● YOUR OBJECTIVE
What are the lines, word for word, from the line with "ガッツクローム HEXボルト" up to and including the line with "Μια χειροπέδα που" in the records below? Omit the pictures.

● Entries taken from a collection
BEGIN

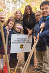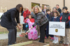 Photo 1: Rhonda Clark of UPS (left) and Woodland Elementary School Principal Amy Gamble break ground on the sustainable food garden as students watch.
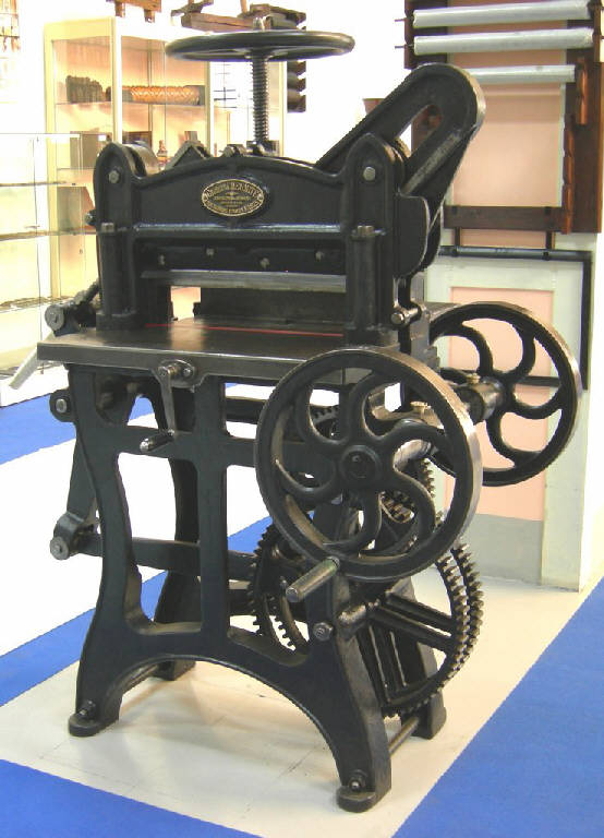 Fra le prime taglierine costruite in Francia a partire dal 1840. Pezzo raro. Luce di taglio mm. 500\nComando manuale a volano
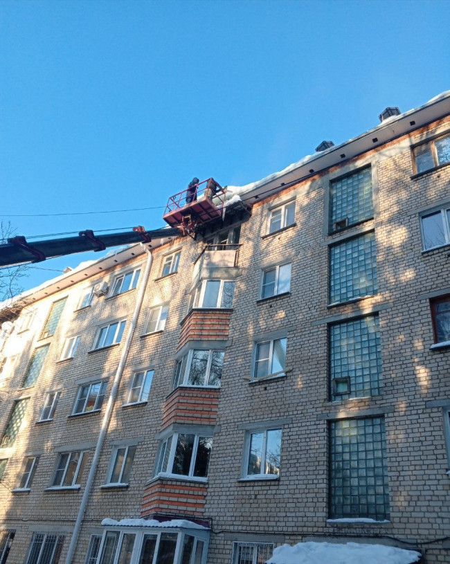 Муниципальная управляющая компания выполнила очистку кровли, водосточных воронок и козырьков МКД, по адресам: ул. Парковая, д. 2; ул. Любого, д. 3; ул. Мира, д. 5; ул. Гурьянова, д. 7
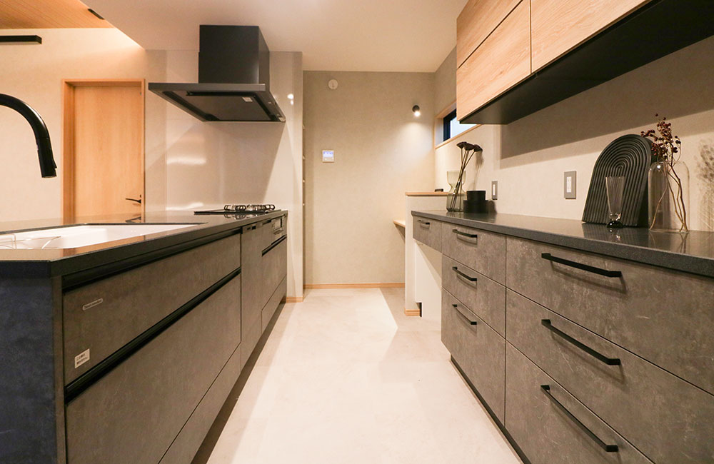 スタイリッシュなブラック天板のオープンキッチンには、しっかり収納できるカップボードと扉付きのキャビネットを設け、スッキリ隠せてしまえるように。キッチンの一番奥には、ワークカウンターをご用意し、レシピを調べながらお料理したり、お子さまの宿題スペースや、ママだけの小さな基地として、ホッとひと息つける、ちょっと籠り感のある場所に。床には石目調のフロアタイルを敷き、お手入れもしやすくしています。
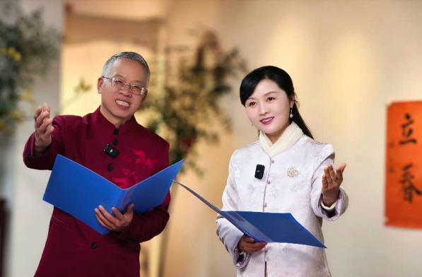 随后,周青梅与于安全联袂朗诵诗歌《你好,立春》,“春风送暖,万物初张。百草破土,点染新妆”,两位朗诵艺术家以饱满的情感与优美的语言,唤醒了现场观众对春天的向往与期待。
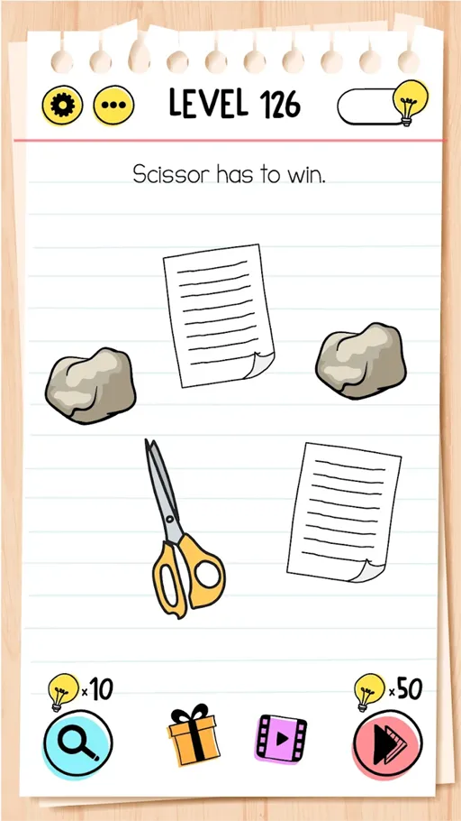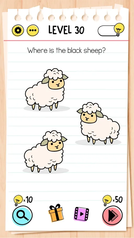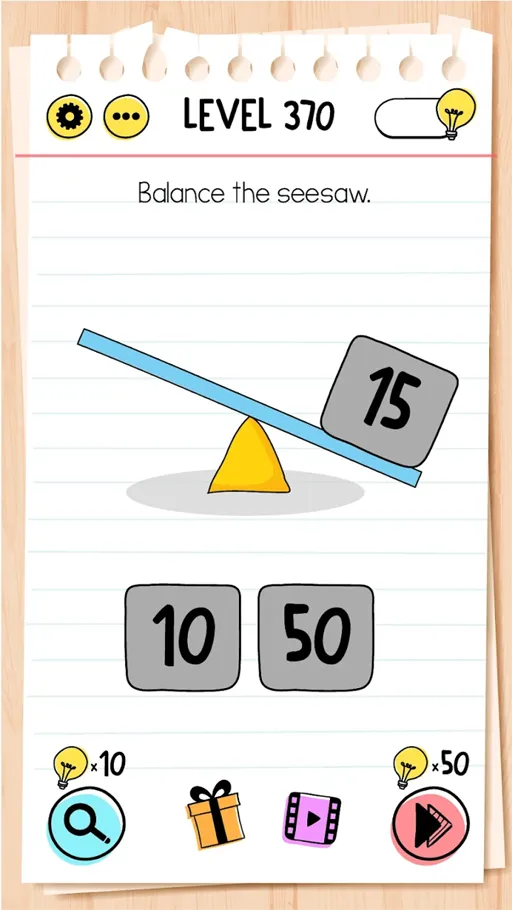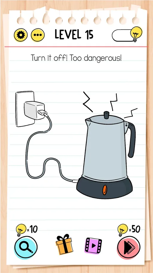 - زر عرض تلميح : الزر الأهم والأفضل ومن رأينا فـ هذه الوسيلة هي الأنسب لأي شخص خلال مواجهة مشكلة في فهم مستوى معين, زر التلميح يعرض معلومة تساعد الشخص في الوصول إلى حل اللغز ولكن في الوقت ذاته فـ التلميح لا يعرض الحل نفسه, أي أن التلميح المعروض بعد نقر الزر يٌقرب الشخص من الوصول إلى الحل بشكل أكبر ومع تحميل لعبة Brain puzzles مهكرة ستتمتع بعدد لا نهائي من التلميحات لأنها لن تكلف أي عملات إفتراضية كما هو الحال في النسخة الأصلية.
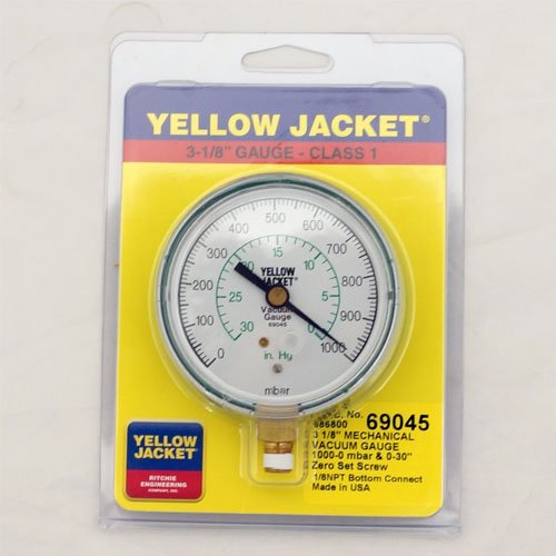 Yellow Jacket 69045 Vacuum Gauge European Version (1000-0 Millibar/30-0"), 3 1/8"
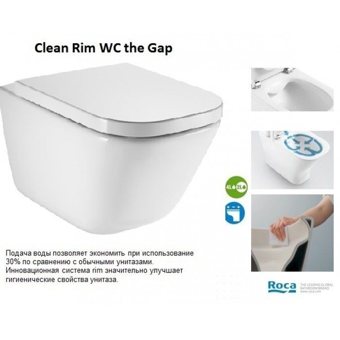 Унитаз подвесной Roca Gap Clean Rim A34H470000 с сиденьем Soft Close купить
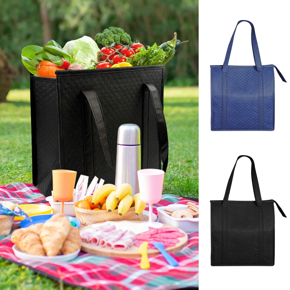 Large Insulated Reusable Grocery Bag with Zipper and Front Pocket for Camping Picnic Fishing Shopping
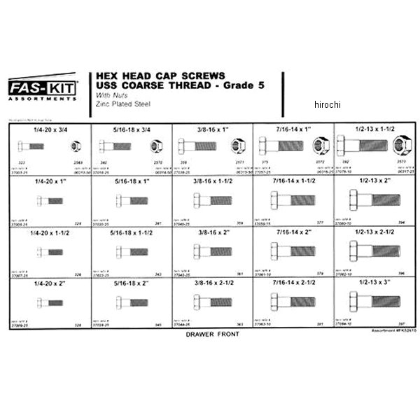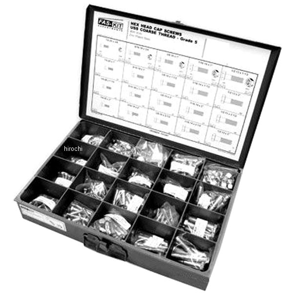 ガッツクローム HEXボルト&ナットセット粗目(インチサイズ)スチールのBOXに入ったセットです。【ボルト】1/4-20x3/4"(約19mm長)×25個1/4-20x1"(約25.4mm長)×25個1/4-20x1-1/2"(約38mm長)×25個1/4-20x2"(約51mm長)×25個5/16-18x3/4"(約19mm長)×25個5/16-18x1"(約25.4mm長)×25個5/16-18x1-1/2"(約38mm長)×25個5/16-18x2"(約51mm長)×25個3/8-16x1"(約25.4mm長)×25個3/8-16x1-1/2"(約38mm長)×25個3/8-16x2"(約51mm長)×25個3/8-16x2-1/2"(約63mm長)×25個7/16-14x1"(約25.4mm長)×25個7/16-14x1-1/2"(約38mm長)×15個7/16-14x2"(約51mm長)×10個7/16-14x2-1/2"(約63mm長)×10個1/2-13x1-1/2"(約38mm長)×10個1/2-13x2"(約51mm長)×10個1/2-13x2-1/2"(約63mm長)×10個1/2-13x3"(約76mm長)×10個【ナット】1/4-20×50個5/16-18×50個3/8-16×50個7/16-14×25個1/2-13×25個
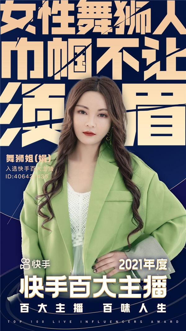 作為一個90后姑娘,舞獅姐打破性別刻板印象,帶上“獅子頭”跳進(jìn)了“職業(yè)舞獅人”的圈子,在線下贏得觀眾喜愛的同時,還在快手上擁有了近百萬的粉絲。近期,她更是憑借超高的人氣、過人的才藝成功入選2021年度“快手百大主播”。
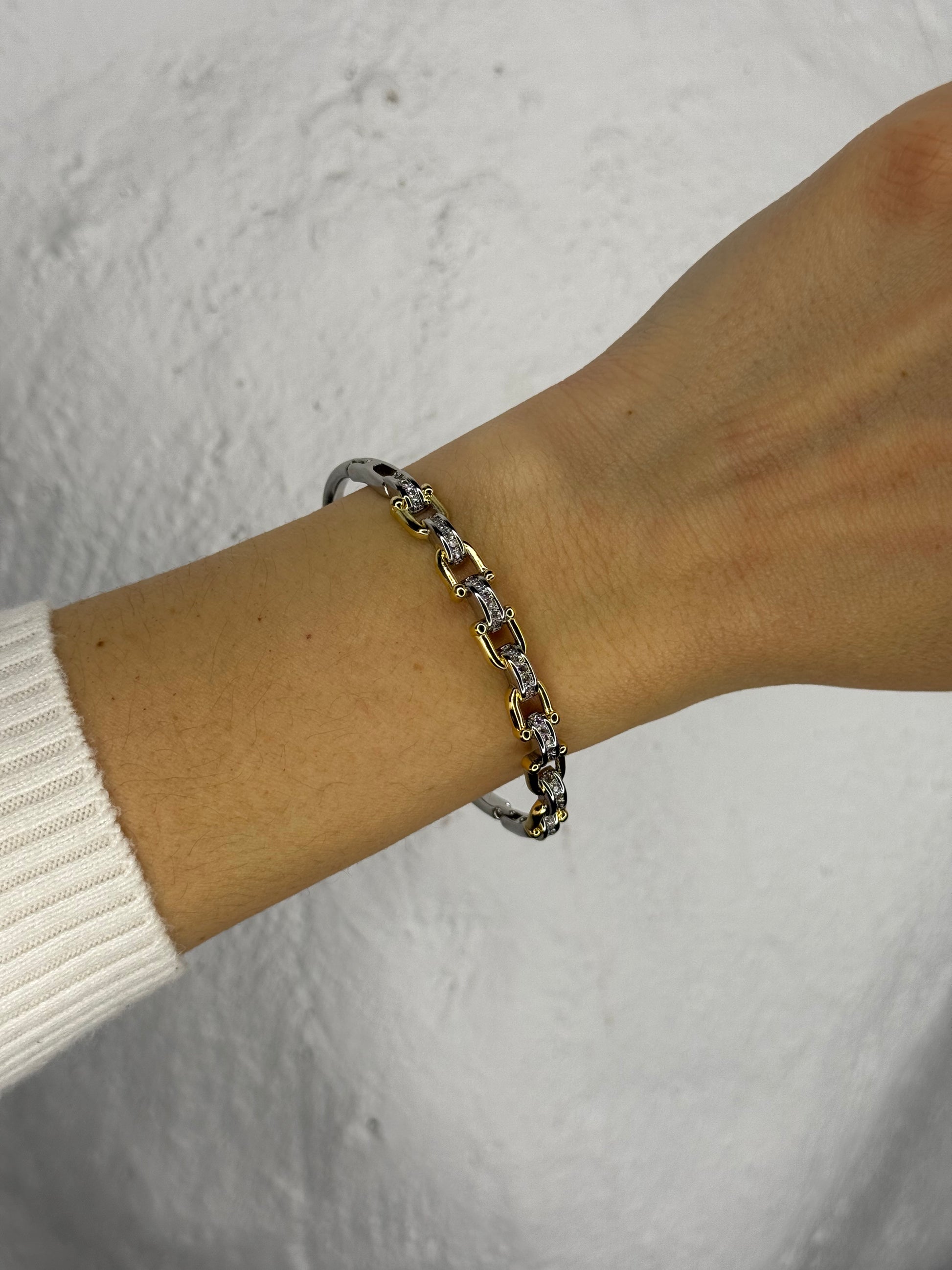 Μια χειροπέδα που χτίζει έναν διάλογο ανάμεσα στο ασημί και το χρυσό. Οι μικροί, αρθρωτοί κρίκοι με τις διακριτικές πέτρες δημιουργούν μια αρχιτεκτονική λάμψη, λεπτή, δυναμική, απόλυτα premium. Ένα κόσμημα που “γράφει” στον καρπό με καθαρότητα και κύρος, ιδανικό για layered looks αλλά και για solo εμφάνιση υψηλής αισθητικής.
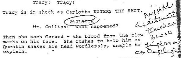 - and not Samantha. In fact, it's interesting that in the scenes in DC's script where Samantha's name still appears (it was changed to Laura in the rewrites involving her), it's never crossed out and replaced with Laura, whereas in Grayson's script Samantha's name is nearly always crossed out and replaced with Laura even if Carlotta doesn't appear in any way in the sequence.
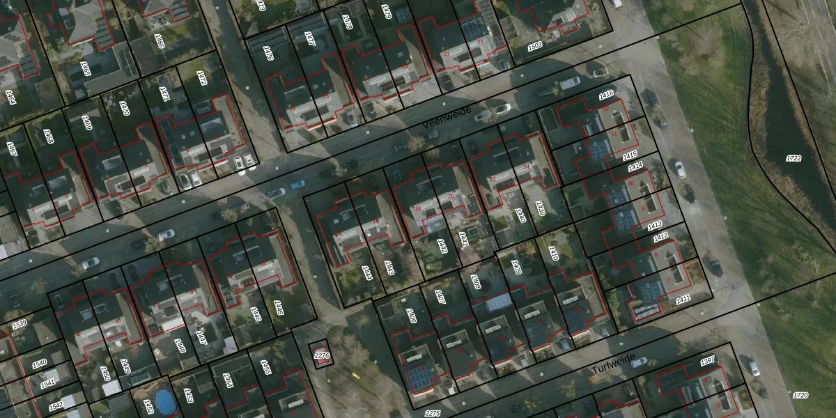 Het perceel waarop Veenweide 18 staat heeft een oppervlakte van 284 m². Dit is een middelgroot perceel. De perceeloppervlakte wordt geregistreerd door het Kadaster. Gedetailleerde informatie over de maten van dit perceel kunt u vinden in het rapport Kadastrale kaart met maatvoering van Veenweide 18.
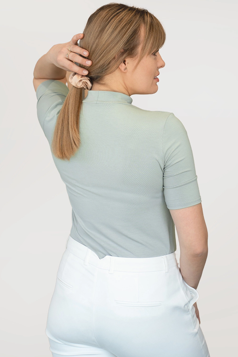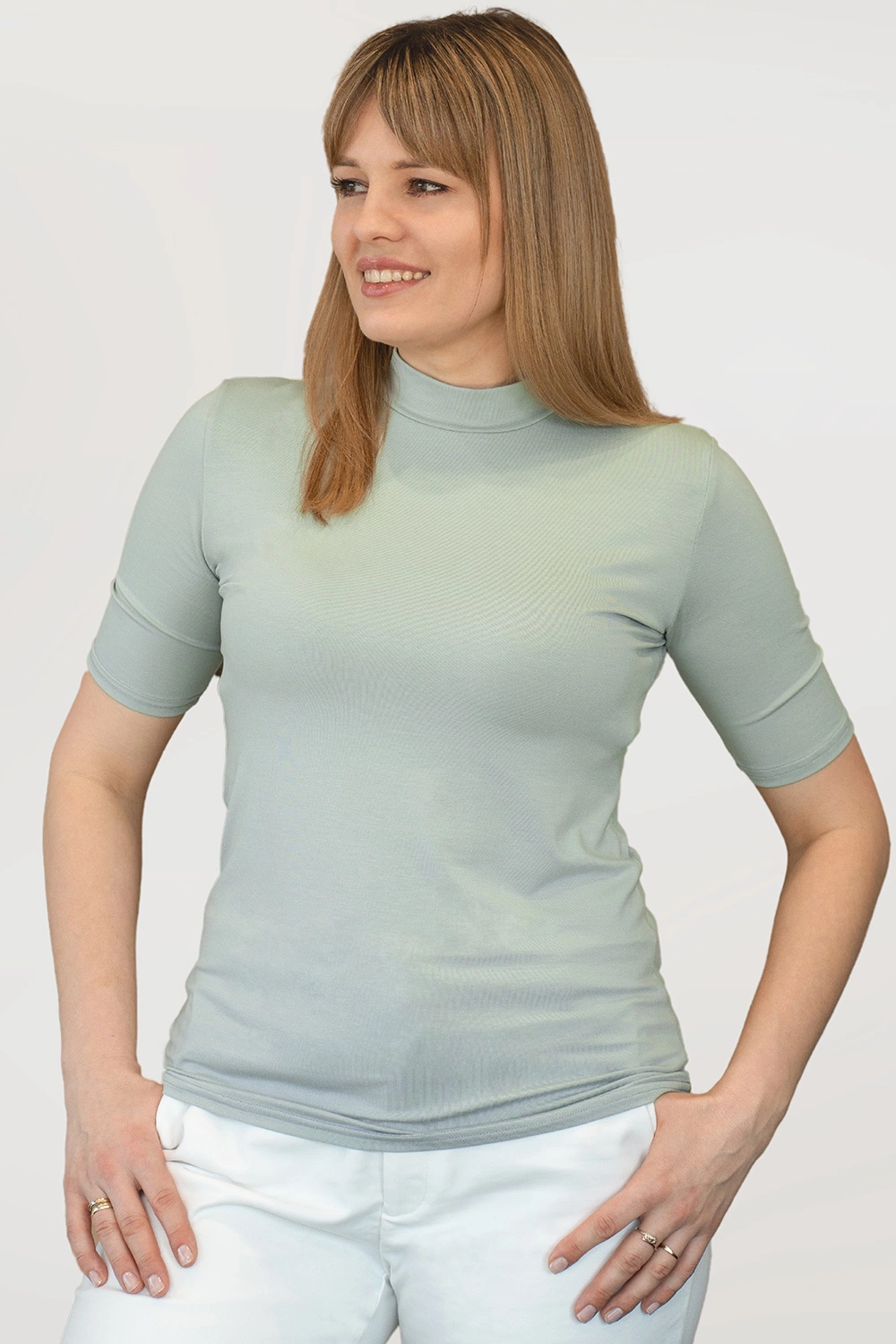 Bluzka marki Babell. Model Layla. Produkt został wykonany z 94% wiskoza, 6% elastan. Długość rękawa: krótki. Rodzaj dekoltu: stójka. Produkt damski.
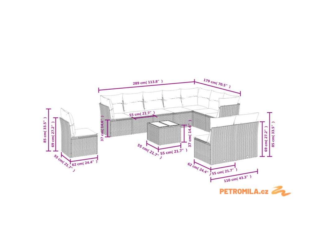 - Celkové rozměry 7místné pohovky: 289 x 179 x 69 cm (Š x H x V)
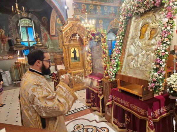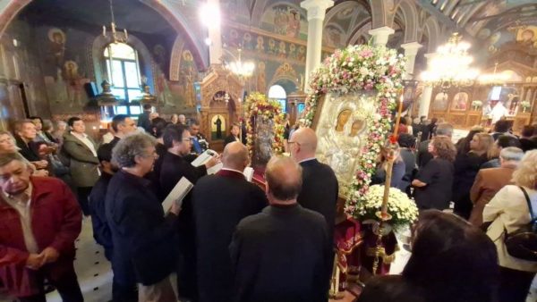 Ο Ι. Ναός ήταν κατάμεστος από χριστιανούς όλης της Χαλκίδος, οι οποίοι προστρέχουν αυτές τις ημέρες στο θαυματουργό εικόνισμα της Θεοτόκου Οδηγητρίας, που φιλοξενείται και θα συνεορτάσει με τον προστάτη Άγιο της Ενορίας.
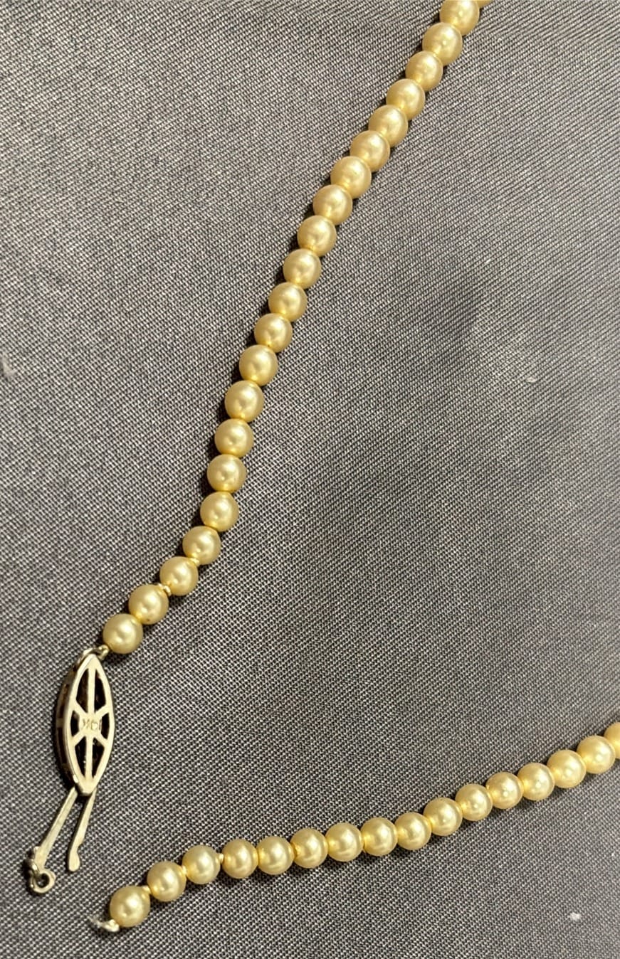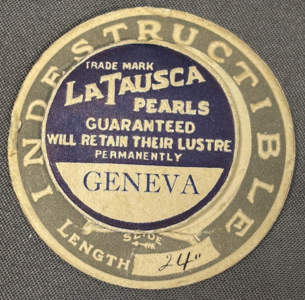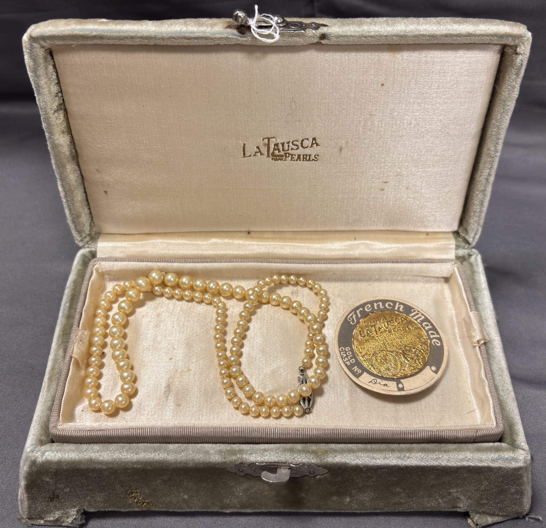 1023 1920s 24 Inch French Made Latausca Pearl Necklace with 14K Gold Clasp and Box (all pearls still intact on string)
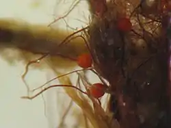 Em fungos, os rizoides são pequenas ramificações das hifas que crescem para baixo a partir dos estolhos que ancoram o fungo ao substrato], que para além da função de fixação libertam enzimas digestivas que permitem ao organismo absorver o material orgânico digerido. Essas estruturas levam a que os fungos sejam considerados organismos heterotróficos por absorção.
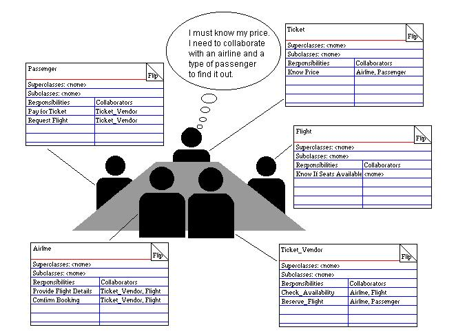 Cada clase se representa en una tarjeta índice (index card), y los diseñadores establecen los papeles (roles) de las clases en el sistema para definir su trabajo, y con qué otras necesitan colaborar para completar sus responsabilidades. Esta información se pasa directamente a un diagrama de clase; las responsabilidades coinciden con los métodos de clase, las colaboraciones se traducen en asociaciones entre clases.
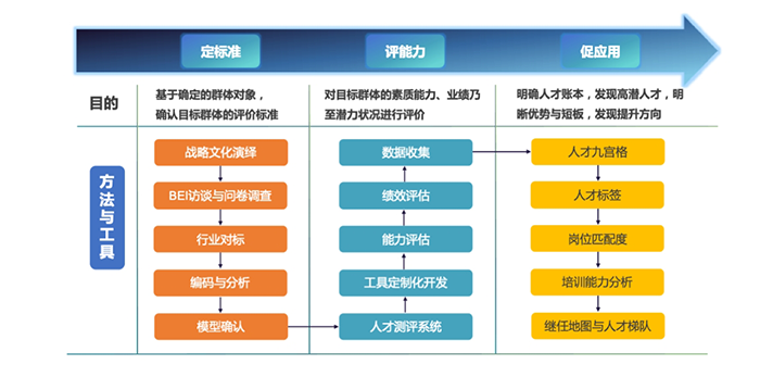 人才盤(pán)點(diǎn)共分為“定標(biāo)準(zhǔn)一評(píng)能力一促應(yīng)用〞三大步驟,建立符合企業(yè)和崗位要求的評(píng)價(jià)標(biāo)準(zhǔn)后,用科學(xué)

END

● WORKED SOLUTION
 ガッツクローム HEXボルト&ナットセット粗目(インチサイズ)スチールのBOXに入ったセットです。【ボルト】1/4-20x3/4"(約19mm長)×25個1/4-20x1"(約25.4mm長)×25個1/4-20x1-1/2"(約38mm長)×25個1/4-20x2"(約51mm長)×25個5/16-18x3/4"(約19mm長)×25個5/16-18x1"(約25.4mm長)×25個5/16-18x1-1/2"(約38mm長)×25個5/16-18x2"(約51mm長)×25個3/8-16x1"(約25.4mm長)×25個3/8-16x1-1/2"(約38mm長)×25個3/8-16x2"(約51mm長)×25個3/8-16x2-1/2"(約63mm長)×25個7/16-14x1"(約25.4mm長)×25個7/16-14x1-1/2"(約38mm長)×15個7/16-14x2"(約51mm長)×10個7/16-14x2-1/2"(約63mm長)×10個1/2-13x1-1/2"(約38mm長)×10個1/2-13x2"(約51mm長)×10個1/2-13x2-1/2"(約63mm長)×10個1/2-13x3"(約76mm長)×10個【ナット】1/4-20×50個5/16-18×50個3/8-16×50個7/16-14×25個1/2-13×25個
 作為一個90后姑娘,舞獅姐打破性別刻板印象,帶上“獅子頭”跳進(jìn)了“職業(yè)舞獅人”的圈子,在線下贏得觀眾喜愛的同時,還在快手上擁有了近百萬的粉絲。近期,她更是憑借超高的人氣、過人的才藝成功入選2021年度“快手百大主播”。
 Μια χειροπέδα που χτίζει έναν διάλογο ανάμεσα στο ασημί και το χρυσό. Οι μικροί, αρθρωτοί κρίκοι με τις διακριτικές πέτρες δημιουργούν μια αρχιτεκτονική λάμψη, λεπτή, δυναμική, απόλυτα premium. Ένα κόσμημα που “γράφει” στον καρπό με καθαρότητα και κύρος, ιδανικό για layered looks αλλά και για solo εμφάνιση υψηλής αισθητικής.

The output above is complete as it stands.